--- START ---

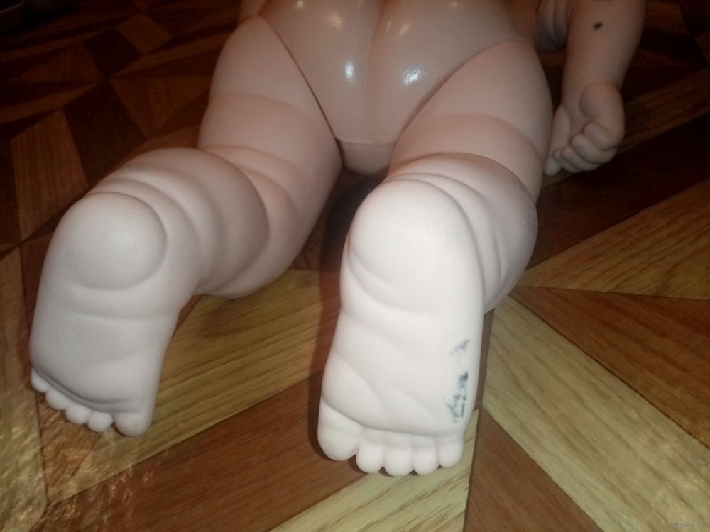 Большая кукла пупс в реалистичном исполнении в вельветовом сарафане. Ножки, ручки, подвижны, глаза закрываются. Имеются следы черного красителя, обычными средствами не оттирается. Более агрессивные средства не использовались, боясь повредить материал. Продается, как есть.
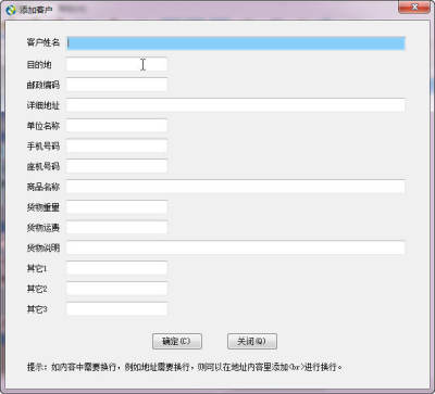 选择添加用户信息,填写用户姓名、电话、地址、商品名称、收费等等信息;同时支持修改、删除操作
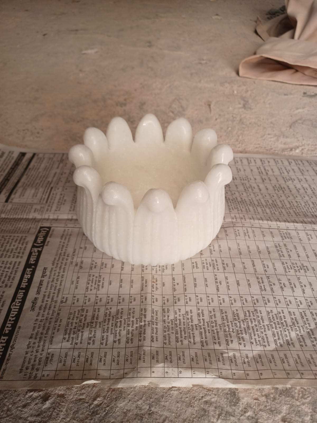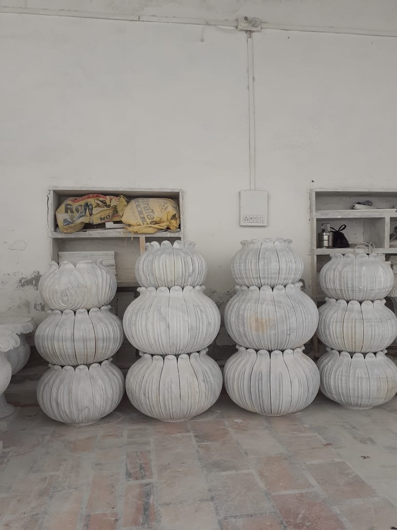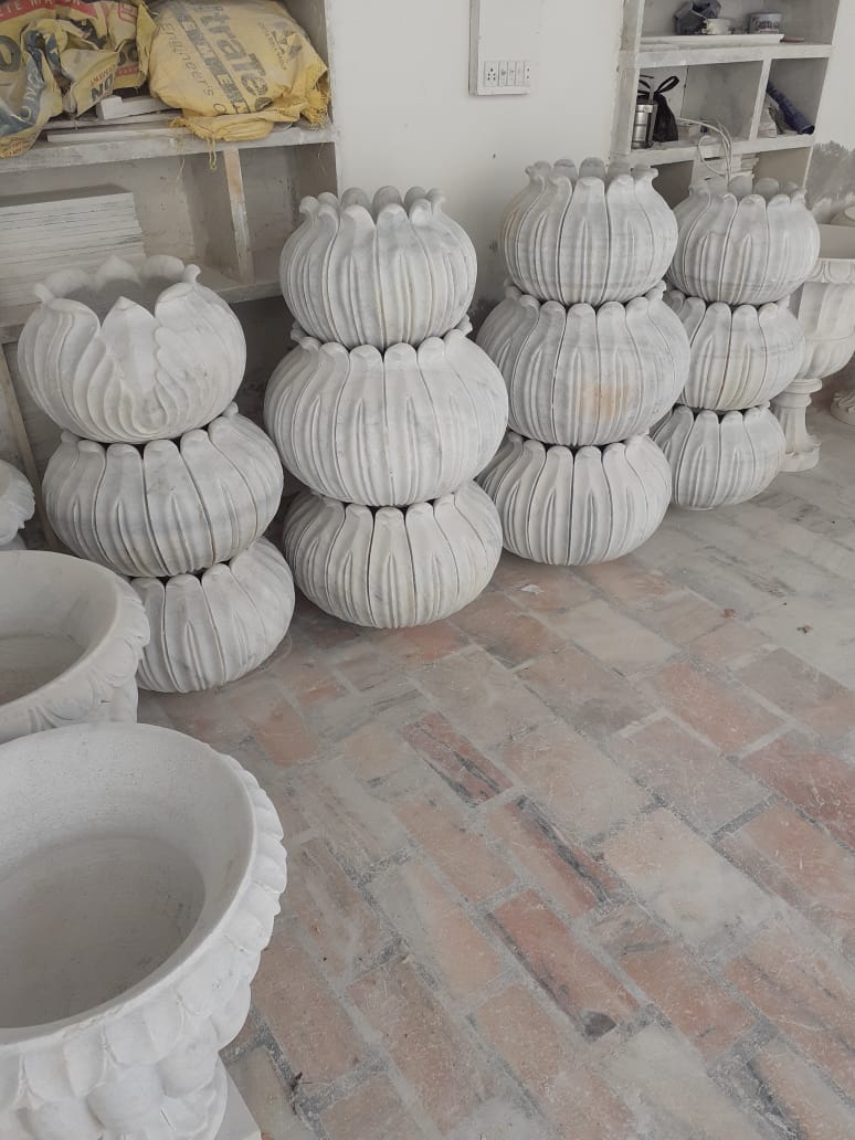 This elegant white marble planter pot is beautifully handcrafted with a lotus petal-inspired design, giving it a unique and luxurious appearance. Made from high-quality natural marble, the planter showcases smooth finishing and delicate carving work.

--- END ---

_Exercise description:_ All of the data must be given again exactly, without the pictures.

_Result:_
 Большая кукла пупс в реалистичном исполнении в вельветовом сарафане. Ножки, ручки, подвижны, глаза закрываются. Имеются следы черного красителя, обычными средствами не оттирается. Более агрессивные средства не использовались, боясь повредить материал. Продается, как есть.
 选择添加用户信息,填写用户姓名、电话、地址、商品名称、收费等等信息;同时支持修改、删除操作
 This elegant white marble planter pot is beautifully handcrafted with a lotus petal-inspired design, giving it a unique and luxurious appearance. Made from high-quality natural marble, the planter showcases smooth finishing and delicate carving work.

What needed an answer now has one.